Ridge regression will not necessarily give the best fit (unbiased) but will surely give more stable (reliable) estimates. We want a value of \(k\) that makes estimates for the coefficients more stable, but does not compromise the unbiasedness that much.
Determination of \(k\)
Ridge Trace
Plot the estimates of the parameters for some values of \(k\) between 0 and 1. Choose smallest value of \(k\) where the trace starts to stabilize.
VIF Trace
Plot the VIF of the parameters for some values of \(k\) between 0 and 1. Choose smallest value of \(k\) where all \(VIF\) are less than your set threshold (less than 5)
Example in R
We use the bloodpressure
data again. Recall the VIF of the parameters:
## age weight bsa dur pulse stress
## 1.762807 8.417035 5.328751 1.237309 4.413575 1.834845
The lmridge
package can help perform ridge regression. We try for different values of the biasing parameter \(k\).
library(lmridge)
bp_ridge_trace <- lmridge(bp~age+weight+bsa+dur+pulse+stress,
data=bloodpressure,
K = seq(0,1,0.005))
In selecting the value of the biasing parameter \(k\), we check at what value of \(k\) will the estimates become to stabilize.
We can also look at the changes of \(VIF\) as \(k\) increases. We want the lowest value of \(k\) where the \(VIF\) are all less than 5.
We select \(k=0.1\)
bp_ridge <- lmridge(bp~age+weight+bsa+dur+pulse+stress,
data=bloodpressure,
K = 0.1)
summary(bp_ridge)
##
## Call:
## lmridge.default(formula = bp ~ age + weight + bsa + dur + pulse +
## stress, data = bloodpressure, K = 0.1)
##
##
## Coefficients: for Ridge parameter K= 0.1
## Estimate Estimate (Sc) StdErr (Sc) t-value (Sc) Pr(>|t|)
## Intercept -3.1368 -1458.8787 116.2184 -12.5529 <2e-16 ***
## age 0.5855 6.3815 0.7711 8.2755 <2e-16 ***
## weight 0.6390 11.9620 0.8867 13.4900 <2e-16 ***
## bsa 9.9908 5.9437 0.8488 7.0028 <2e-16 ***
## dur 0.0773 0.7231 0.7010 1.0314 0.3195
## pulse 0.1268 2.1024 0.8752 2.4021 0.0305 *
## stress -0.0016 -0.2560 0.7387 -0.3466 0.7340
## ---
## Signif. codes: 0 '***' 0.001 '**' 0.01 '*' 0.05 '.' 0.1 ' ' 1
##
## Ridge Summary
## R2 adj-R2 DF ridge F AIC BIC
## 0.90670 0.87340 4.76418 181.43035 -10.31040 54.34809
## Ridge minimum MSE= 71.22473 at K= 0.1
## P-value for F-test ( 4.76418 , 14.47388 ) = 1.885411e-12
## -------------------------------------------------------------------
Now, the VIF of the parameters are now lower.

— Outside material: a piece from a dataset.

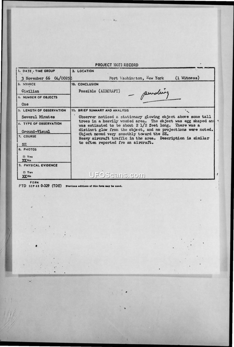 A former pilot and CIA employee reported a small, glowing, egg-shaped object in Port Washington, New York, in 1966. The official military record classifies the sighting as a possible aircraft.

## age weight bsa dur pulse stress
## k=0.1 1.1604 1.53437 1.40577 0.95903 1.49481 1.06477
Imposing Constraints
Suppose your model is \[ Y=\beta_0+\beta_1X_1+\beta_2X_2+\beta_3X_3+\varepsilon \] The eigensystem analysis suggests that there are regressors that are linearly related, for example, \(2X_1+X_2=0\).
To fit the model , we can combine \(X_1\) and \(X_2\) by imposing constraint \(\beta_1=2\beta_2\).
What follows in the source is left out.